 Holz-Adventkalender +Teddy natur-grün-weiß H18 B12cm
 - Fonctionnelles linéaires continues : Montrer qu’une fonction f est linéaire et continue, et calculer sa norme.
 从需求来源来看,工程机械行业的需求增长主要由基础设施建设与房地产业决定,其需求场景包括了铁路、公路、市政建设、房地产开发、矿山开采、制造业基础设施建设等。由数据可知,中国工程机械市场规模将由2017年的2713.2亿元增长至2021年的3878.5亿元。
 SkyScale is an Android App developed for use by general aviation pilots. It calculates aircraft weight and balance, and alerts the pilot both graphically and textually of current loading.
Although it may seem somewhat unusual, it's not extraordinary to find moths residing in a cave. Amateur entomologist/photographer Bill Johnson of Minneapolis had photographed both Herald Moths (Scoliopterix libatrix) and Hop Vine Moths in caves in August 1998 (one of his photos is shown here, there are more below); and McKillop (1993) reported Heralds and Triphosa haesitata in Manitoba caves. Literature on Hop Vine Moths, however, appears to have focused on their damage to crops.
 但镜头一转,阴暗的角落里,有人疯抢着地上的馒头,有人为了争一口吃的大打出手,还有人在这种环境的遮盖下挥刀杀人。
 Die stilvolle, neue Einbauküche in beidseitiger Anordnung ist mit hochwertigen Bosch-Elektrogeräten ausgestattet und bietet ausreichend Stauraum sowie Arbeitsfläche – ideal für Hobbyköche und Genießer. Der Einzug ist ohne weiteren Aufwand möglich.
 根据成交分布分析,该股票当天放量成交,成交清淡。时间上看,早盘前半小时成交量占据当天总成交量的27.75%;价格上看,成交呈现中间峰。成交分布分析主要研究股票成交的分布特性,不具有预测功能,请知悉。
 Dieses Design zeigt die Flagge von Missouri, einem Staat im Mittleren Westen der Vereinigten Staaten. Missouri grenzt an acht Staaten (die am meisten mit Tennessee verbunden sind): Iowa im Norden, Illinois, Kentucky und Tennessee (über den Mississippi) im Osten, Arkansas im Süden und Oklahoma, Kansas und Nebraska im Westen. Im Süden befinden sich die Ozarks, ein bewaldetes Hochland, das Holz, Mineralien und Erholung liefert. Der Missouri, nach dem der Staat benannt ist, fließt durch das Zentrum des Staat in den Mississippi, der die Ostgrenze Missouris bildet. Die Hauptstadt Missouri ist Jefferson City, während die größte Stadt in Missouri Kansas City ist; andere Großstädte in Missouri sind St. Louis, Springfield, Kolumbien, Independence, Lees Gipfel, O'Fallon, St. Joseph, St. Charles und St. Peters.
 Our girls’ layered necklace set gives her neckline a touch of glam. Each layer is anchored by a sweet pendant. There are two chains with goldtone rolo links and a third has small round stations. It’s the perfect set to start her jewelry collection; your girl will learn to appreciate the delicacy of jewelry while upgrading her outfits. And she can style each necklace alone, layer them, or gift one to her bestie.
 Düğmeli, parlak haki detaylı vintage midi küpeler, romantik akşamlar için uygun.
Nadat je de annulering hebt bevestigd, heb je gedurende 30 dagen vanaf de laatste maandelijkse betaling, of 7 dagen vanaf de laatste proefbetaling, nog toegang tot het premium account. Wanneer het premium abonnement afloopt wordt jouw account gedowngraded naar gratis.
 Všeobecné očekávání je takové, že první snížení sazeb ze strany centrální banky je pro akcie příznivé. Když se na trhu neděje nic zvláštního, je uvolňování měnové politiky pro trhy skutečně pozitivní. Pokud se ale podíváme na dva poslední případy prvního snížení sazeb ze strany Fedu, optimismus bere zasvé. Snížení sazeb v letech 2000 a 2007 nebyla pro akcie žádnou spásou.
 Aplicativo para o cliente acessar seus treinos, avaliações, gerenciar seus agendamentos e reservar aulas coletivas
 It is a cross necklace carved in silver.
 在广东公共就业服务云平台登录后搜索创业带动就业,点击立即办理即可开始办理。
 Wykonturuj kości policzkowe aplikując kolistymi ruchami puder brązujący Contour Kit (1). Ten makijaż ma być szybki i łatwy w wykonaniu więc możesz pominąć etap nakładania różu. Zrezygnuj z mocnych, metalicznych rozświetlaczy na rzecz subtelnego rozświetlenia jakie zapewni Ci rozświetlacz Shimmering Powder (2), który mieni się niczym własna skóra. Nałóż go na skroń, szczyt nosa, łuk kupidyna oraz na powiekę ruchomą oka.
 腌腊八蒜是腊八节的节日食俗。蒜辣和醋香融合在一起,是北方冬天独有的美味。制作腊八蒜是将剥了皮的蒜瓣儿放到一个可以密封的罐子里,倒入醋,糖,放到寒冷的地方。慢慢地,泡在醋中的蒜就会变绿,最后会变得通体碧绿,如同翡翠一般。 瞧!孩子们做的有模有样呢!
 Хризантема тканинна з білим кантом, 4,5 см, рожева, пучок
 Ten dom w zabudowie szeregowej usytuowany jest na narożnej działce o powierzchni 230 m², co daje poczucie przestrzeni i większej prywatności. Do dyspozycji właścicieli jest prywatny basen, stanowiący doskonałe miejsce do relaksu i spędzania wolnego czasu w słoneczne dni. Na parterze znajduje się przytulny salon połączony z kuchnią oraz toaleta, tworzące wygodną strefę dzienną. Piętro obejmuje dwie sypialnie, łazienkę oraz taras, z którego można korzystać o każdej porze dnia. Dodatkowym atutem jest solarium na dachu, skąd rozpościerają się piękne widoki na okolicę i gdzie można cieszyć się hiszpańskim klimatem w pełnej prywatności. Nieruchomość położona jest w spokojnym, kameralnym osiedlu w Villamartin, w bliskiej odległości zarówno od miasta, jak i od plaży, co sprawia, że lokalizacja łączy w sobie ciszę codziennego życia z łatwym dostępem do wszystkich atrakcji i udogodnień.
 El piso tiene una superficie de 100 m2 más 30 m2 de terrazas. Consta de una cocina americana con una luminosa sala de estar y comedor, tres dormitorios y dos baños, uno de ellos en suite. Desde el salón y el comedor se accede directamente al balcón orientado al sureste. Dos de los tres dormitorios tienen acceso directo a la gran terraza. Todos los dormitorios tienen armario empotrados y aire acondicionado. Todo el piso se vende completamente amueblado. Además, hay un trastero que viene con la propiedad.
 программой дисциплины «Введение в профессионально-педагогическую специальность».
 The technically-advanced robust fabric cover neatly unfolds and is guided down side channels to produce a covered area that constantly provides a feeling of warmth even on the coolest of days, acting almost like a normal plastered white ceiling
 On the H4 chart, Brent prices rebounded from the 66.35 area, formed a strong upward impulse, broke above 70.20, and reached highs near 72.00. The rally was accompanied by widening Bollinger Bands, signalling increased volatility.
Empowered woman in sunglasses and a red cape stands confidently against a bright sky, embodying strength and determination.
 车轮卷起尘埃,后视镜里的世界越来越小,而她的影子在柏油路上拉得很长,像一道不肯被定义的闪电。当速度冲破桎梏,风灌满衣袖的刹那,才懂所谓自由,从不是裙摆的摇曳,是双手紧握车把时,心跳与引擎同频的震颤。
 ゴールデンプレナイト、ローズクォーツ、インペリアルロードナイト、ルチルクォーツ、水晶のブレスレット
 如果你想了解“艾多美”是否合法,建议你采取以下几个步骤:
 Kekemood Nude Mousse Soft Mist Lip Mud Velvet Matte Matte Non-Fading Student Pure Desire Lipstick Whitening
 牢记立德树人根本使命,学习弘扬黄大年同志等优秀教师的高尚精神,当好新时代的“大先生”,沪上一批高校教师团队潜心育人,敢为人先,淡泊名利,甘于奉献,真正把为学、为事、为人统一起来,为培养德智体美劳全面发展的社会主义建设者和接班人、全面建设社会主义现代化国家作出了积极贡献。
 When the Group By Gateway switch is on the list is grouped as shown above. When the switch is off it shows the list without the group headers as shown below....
------------------------------------------------------------------------
Assigned task — Give all of the material again, exactly.

Exercise answer —
 Holz-Adventkalender +Teddy natur-grün-weiß H18 B12cm
 - Fonctionnelles linéaires continues : Montrer qu’une fonction f est linéaire et continue, et calculer sa norme.
 从需求来源来看,工程机械行业的需求增长主要由基础设施建设与房地产业决定,其需求场景包括了铁路、公路、市政建设、房地产开发、矿山开采、制造业基础设施建设等。由数据可知,中国工程机械市场规模将由2017年的2713.2亿元增长至2021年的3878.5亿元。
 SkyScale is an Android App developed for use by general aviation pilots. It calculates aircraft weight and balance, and alerts the pilot both graphically and textually of current loading.
Although it may seem somewhat unusual, it's not extraordinary to find moths residing in a cave. Amateur entomologist/photographer Bill Johnson of Minneapolis had photographed both Herald Moths (Scoliopterix libatrix) and Hop Vine Moths in caves in August 1998 (one of his photos is shown here, there are more below); and McKillop (1993) reported Heralds and Triphosa haesitata in Manitoba caves. Literature on Hop Vine Moths, however, appears to have focused on their damage to crops.
 但镜头一转,阴暗的角落里,有人疯抢着地上的馒头,有人为了争一口吃的大打出手,还有人在这种环境的遮盖下挥刀杀人。
 Die stilvolle, neue Einbauküche in beidseitiger Anordnung ist mit hochwertigen Bosch-Elektrogeräten ausgestattet und bietet ausreichend Stauraum sowie Arbeitsfläche – ideal für Hobbyköche und Genießer. Der Einzug ist ohne weiteren Aufwand möglich.
 根据成交分布分析,该股票当天放量成交,成交清淡。时间上看,早盘前半小时成交量占据当天总成交量的27.75%;价格上看,成交呈现中间峰。成交分布分析主要研究股票成交的分布特性,不具有预测功能,请知悉。
 Dieses Design zeigt die Flagge von Missouri, einem Staat im Mittleren Westen der Vereinigten Staaten. Missouri grenzt an acht Staaten (die am meisten mit Tennessee verbunden sind): Iowa im Norden, Illinois, Kentucky und Tennessee (über den Mississippi) im Osten, Arkansas im Süden und Oklahoma, Kansas und Nebraska im Westen. Im Süden befinden sich die Ozarks, ein bewaldetes Hochland, das Holz, Mineralien und Erholung liefert. Der Missouri, nach dem der Staat benannt ist, fließt durch das Zentrum des Staat in den Mississippi, der die Ostgrenze Missouris bildet. Die Hauptstadt Missouri ist Jefferson City, während die größte Stadt in Missouri Kansas City ist; andere Großstädte in Missouri sind St. Louis, Springfield, Kolumbien, Independence, Lees Gipfel, O'Fallon, St. Joseph, St. Charles und St. Peters.
 Our girls’ layered necklace set gives her neckline a touch of glam. Each layer is anchored by a sweet pendant. There are two chains with goldtone rolo links and a third has small round stations. It’s the perfect set to start her jewelry collection; your girl will learn to appreciate the delicacy of jewelry while upgrading her outfits. And she can style each necklace alone, layer them, or gift one to her bestie.
 Düğmeli, parlak haki detaylı vintage midi küpeler, romantik akşamlar için uygun.
Nadat je de annulering hebt bevestigd, heb je gedurende 30 dagen vanaf de laatste maandelijkse betaling, of 7 dagen vanaf de laatste proefbetaling, nog toegang tot het premium account. Wanneer het premium abonnement afloopt wordt jouw account gedowngraded naar gratis.
 Všeobecné očekávání je takové, že první snížení sazeb ze strany centrální banky je pro akcie příznivé. Když se na trhu neděje nic zvláštního, je uvolňování měnové politiky pro trhy skutečně pozitivní. Pokud se ale podíváme na dva poslední případy prvního snížení sazeb ze strany Fedu, optimismus bere zasvé. Snížení sazeb v letech 2000 a 2007 nebyla pro akcie žádnou spásou.
 Aplicativo para o cliente acessar seus treinos, avaliações, gerenciar seus agendamentos e reservar aulas coletivas
 It is a cross necklace carved in silver.
 在广东公共就业服务云平台登录后搜索创业带动就业,点击立即办理即可开始办理。
 Wykonturuj kości policzkowe aplikując kolistymi ruchami puder brązujący Contour Kit (1). Ten makijaż ma być szybki i łatwy w wykonaniu więc możesz pominąć etap nakładania różu. Zrezygnuj z mocnych, metalicznych rozświetlaczy na rzecz subtelnego rozświetlenia jakie zapewni Ci rozświetlacz Shimmering Powder (2), który mieni się niczym własna skóra. Nałóż go na skroń, szczyt nosa, łuk kupidyna oraz na powiekę ruchomą oka.
 腌腊八蒜是腊八节的节日食俗。蒜辣和醋香融合在一起,是北方冬天独有的美味。制作腊八蒜是将剥了皮的蒜瓣儿放到一个可以密封的罐子里,倒入醋,糖,放到寒冷的地方。慢慢地,泡在醋中的蒜就会变绿,最后会变得通体碧绿,如同翡翠一般。 瞧!孩子们做的有模有样呢!
 Хризантема тканинна з білим кантом, 4,5 см, рожева, пучок
 Ten dom w zabudowie szeregowej usytuowany jest na narożnej działce o powierzchni 230 m², co daje poczucie przestrzeni i większej prywatności. Do dyspozycji właścicieli jest prywatny basen, stanowiący doskonałe miejsce do relaksu i spędzania wolnego czasu w słoneczne dni. Na parterze znajduje się przytulny salon połączony z kuchnią oraz toaleta, tworzące wygodną strefę dzienną. Piętro obejmuje dwie sypialnie, łazienkę oraz taras, z którego można korzystać o każdej porze dnia. Dodatkowym atutem jest solarium na dachu, skąd rozpościerają się piękne widoki na okolicę i gdzie można cieszyć się hiszpańskim klimatem w pełnej prywatności. Nieruchomość położona jest w spokojnym, kameralnym osiedlu w Villamartin, w bliskiej odległości zarówno od miasta, jak i od plaży, co sprawia, że lokalizacja łączy w sobie ciszę codziennego życia z łatwym dostępem do wszystkich atrakcji i udogodnień.
 El piso tiene una superficie de 100 m2 más 30 m2 de terrazas. Consta de una cocina americana con una luminosa sala de estar y comedor, tres dormitorios y dos baños, uno de ellos en suite. Desde el salón y el comedor se accede directamente al balcón orientado al sureste. Dos de los tres dormitorios tienen acceso directo a la gran terraza. Todos los dormitorios tienen armario empotrados y aire acondicionado. Todo el piso se vende completamente amueblado. Además, hay un trastero que viene con la propiedad.
 программой дисциплины «Введение в профессионально-педагогическую специальность».
 The technically-advanced robust fabric cover neatly unfolds and is guided down side channels to produce a covered area that constantly provides a feeling of warmth even on the coolest of days, acting almost like a normal plastered white ceiling
 On the H4 chart, Brent prices rebounded from the 66.35 area, formed a strong upward impulse, broke above 70.20, and reached highs near 72.00. The rally was accompanied by widening Bollinger Bands, signalling increased volatility.
Empowered woman in sunglasses and a red cape stands confidently against a bright sky, embodying strength and determination.
 车轮卷起尘埃,后视镜里的世界越来越小,而她的影子在柏油路上拉得很长,像一道不肯被定义的闪电。当速度冲破桎梏,风灌满衣袖的刹那,才懂所谓自由,从不是裙摆的摇曳,是双手紧握车把时,心跳与引擎同频的震颤。
 ゴールデンプレナイト、ローズクォーツ、インペリアルロードナイト、ルチルクォーツ、水晶のブレスレット
 如果你想了解“艾多美”是否合法,建议你采取以下几个步骤:
 Kekemood Nude Mousse Soft Mist Lip Mud Velvet Matte Matte Non-Fading Student Pure Desire Lipstick Whitening
 牢记立德树人根本使命,学习弘扬黄大年同志等优秀教师的高尚精神,当好新时代的“大先生”,沪上一批高校教师团队潜心育人,敢为人先,淡泊名利,甘于奉献,真正把为学、为事、为人统一起来,为培养德智体美劳全面发展的社会主义建设者和接班人、全面建设社会主义现代化国家作出了积极贡献。
 When the Group By Gateway switch is on the list is grouped as shown above. When the switch is off it shows the list without the group headers as shown below....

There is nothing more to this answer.